Zbigniew Baniewski schrieb:
On Thu, Jan 17, 2008 at 11:13:59PM -0500, D. Richard Hipp wrote:

The rules of TCL parsing are that text within {...} gets passed into
its command exactly as written with the outermost {...} removed. [..]
In other words, the $columns was *not* expanded by TCL.  It got
passed down into SQLite.

Yes, I agree. But the following is not quite clear to me:

SQLite sees the $columns and thinks
you are dealing with an application variable.  Just like a "?" or a
":abc" or "@xyz".  Sqlite3_prepare() runs and treats the $columns
token as it would any other SQL variable.

So, TCL sees a variable "columns", whose contents ($columns) - is "column1, column2, column3".

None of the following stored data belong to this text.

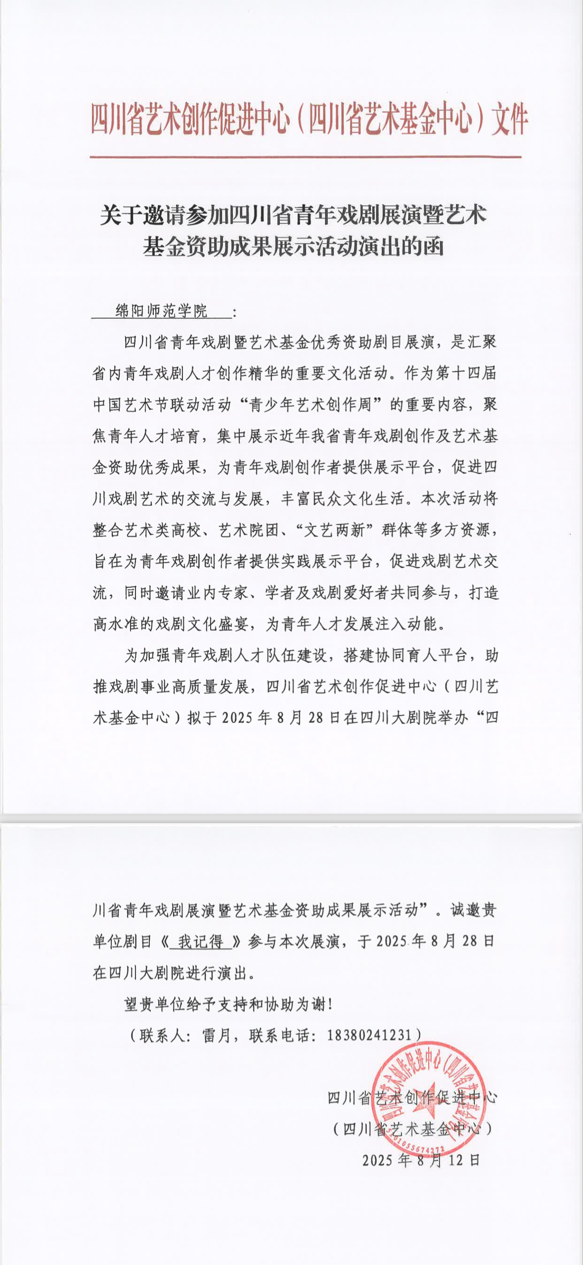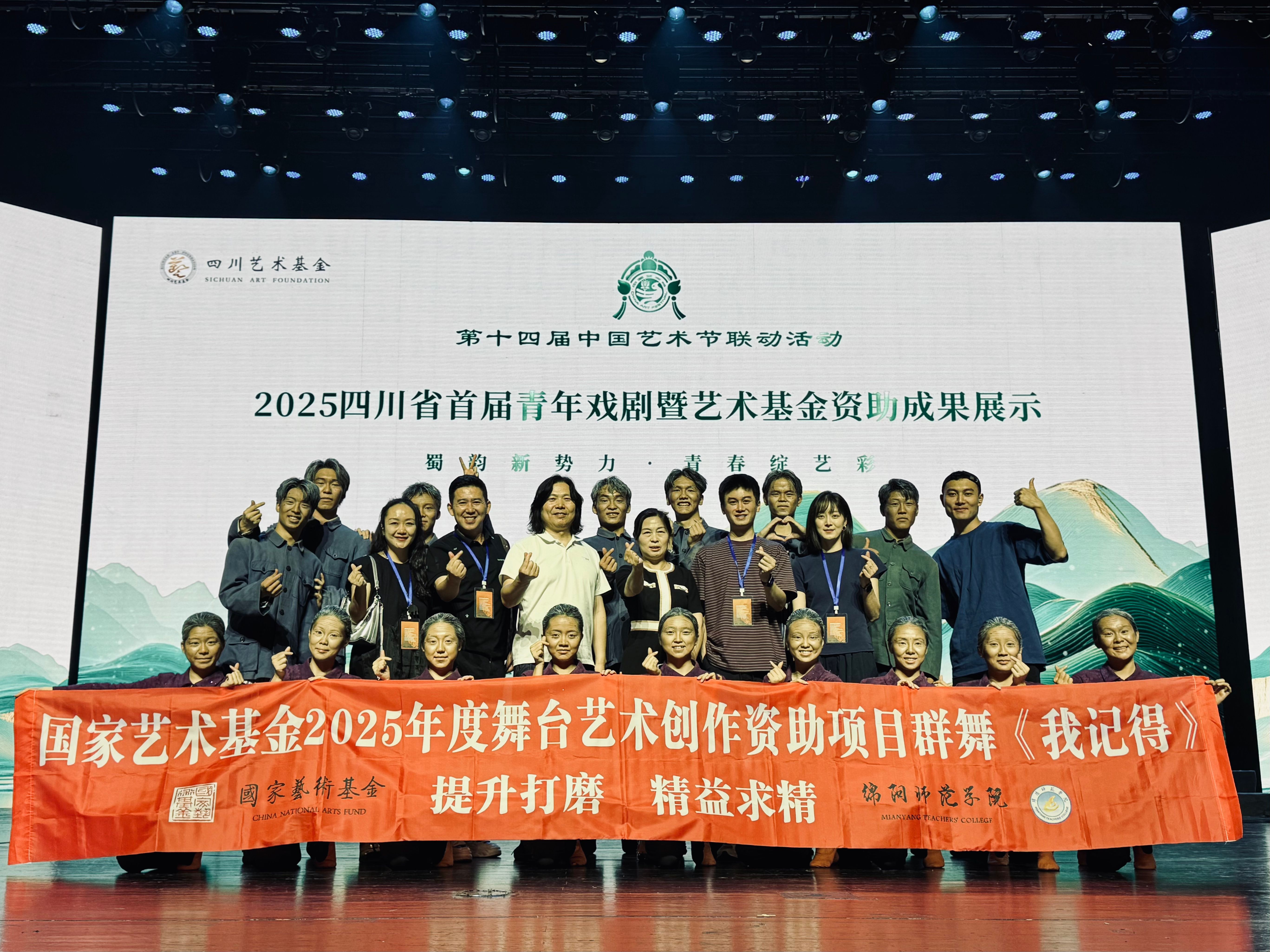 为促进青年戏剧与舞台艺术发展、集中展示艺术基金资助成果,8月28日晚,由文化和旅游部艺术司与四川省文化和旅游厅联合主办,四川省艺术创作促进中心(四川省艺术基金中心)承办的“第十四届中国艺术节联动活动——2025四川省首届青年戏剧暨艺术基金资助成果展示”在四川大剧院举行,本次展演以“蜀韵新势力・青春绽艺彩”为主题,汇聚了省内青年戏剧人才的创作成果。我校国家艺术基金资助群舞作品《我记得》作为全省唯一的舞蹈类节目受邀参演,并于当晚精彩亮相。学校党委副书记、校长李敏受邀观看演出并慰问参演师生。
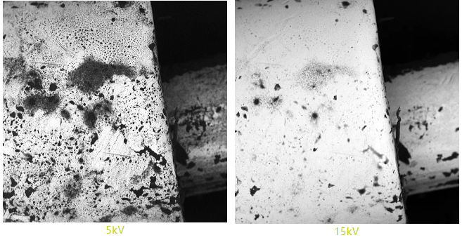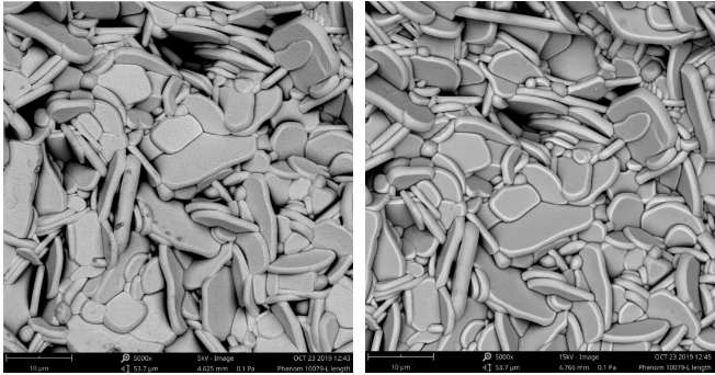 陶瓷在不同加速電壓(5kV、15kV)下的兩張照片: 加速電壓為 5kV 時,可以看到燒結陶瓷的缺陷。
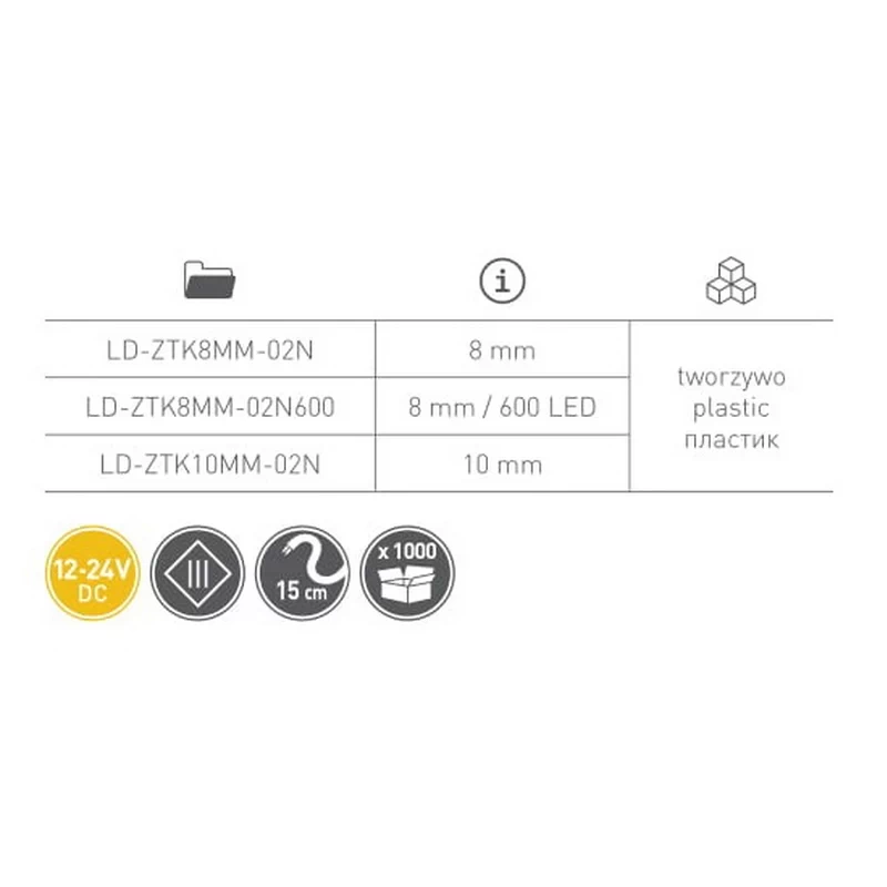 З'єднувач GTV кутовий для світлодіодних стрічок 8 мм з кабелем 15 см 600 LED

SQLite sees statement { SELECT $columns FROM some_table }, where $columns is
just "a token", which _can be_ an application variable, if TCL confirms
this.

Not really true.
If the part is wrapped in {} then for Tcl the $column is just an ordinary string with no other meaning than foobar, and NO substitution takes place before the string is passed to SQLite. SQLite then interprets the string again, like some Tcl commands do themselfes and defines the semantics for its argument as:

$name is an application variable if it appears in a place where an application variable is valid.

This is then prepared as a statement and then values are bound by asking the surrounding Tcl stackframe for the values of the Variables used.

Your usage fails, because the select list is no valid place to use application variables, so SQLite does expand it there.